● Task prompt: Every picture is to be removed, and all the data is to be copied exactly.

● Available data:
▬▬▬

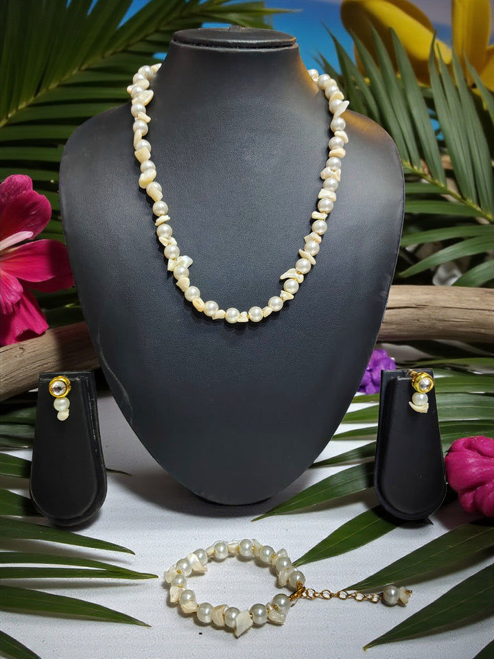 Samudrika – 3-Piece Sea Stone & Pearl Set (Necklace, Bracelet & Kundan Earrings)
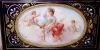 Austrian, Royal Vienna, portico clock with small 8-day timepiece, in a blue cobalt case with hand painted cameos of ladies and cherubs, C.1890
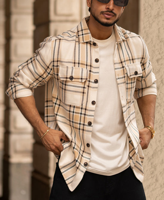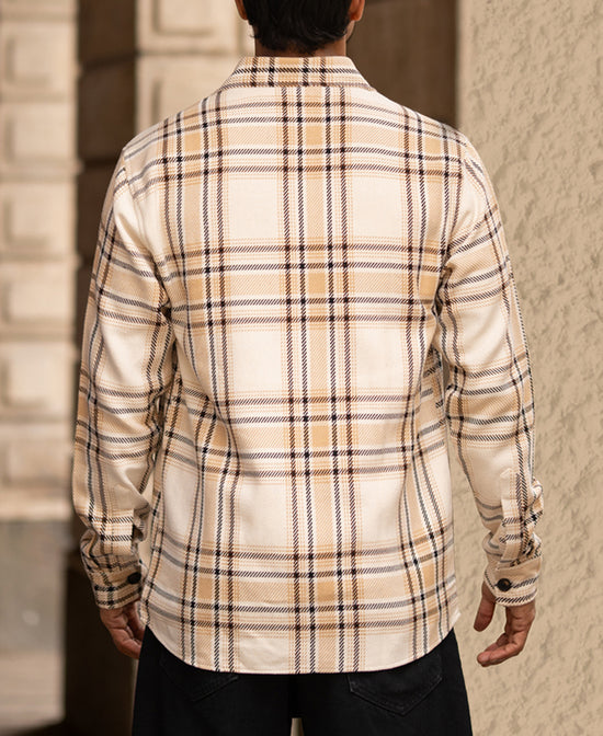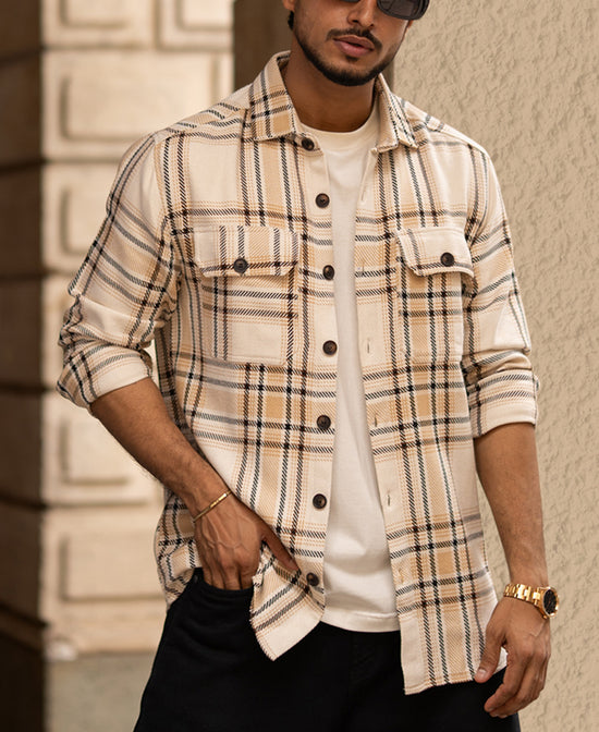 Light Beige Full Sleeves Double Pocket Regular Fit Shirt
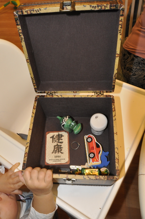 4. А потом поехали к моим родителям. Пока именинник спал свой единственный сон, с 12 до 3х, мы с мамой готовили и накрывали. Кроме такой тесной компании были еще мой брат с золовкой, остальным было отказано в связи с болезнью Ре. За столом мы говорили тосты, рассматривали книгу, вручали торт (Даня так и не понял, что это было) с свечкой - единичкой и выбирали судьбу. В коробку с "судьбами" я положила сплошь позитивные символы: здоровье, путешествие, жизнь в науке, море, автомобиль и тд. Мое чудо четко выбрал три вещи: творчество, путешествия и большую любовь, его выбором осталась очень довольна))) Все предметы были примерно одного размера и незнакомые, чтобы не получилось, что деть схватит любимую игрушку.

▬▬▬

● Response to the task:
 Samudrika – 3-Piece Sea Stone & Pearl Set (Necklace, Bracelet & Kundan Earrings)
 Austrian, Royal Vienna, portico clock with small 8-day timepiece, in a blue cobalt case with hand painted cameos of ladies and cherubs, C.1890
 Light Beige Full Sleeves Double Pocket Regular Fit Shirt
 4. А потом поехали к моим родителям. Пока именинник спал свой единственный сон, с 12 до 3х, мы с мамой готовили и накрывали. Кроме такой тесной компании были еще мой брат с золовкой, остальным было отказано в связи с болезнью Ре. За столом мы говорили тосты, рассматривали книгу, вручали торт (Даня так и не понял, что это было) с свечкой - единичкой и выбирали судьбу. В коробку с "судьбами" я положила сплошь позитивные символы: здоровье, путешествие, жизнь в науке, море, автомобиль и тд. Мое чудо четко выбрал три вещи: творчество, путешествия и большую любовь, его выбором осталась очень довольна))) Все предметы были примерно одного размера и незнакомые, чтобы не получилось, что деть схватит любимую игрушку.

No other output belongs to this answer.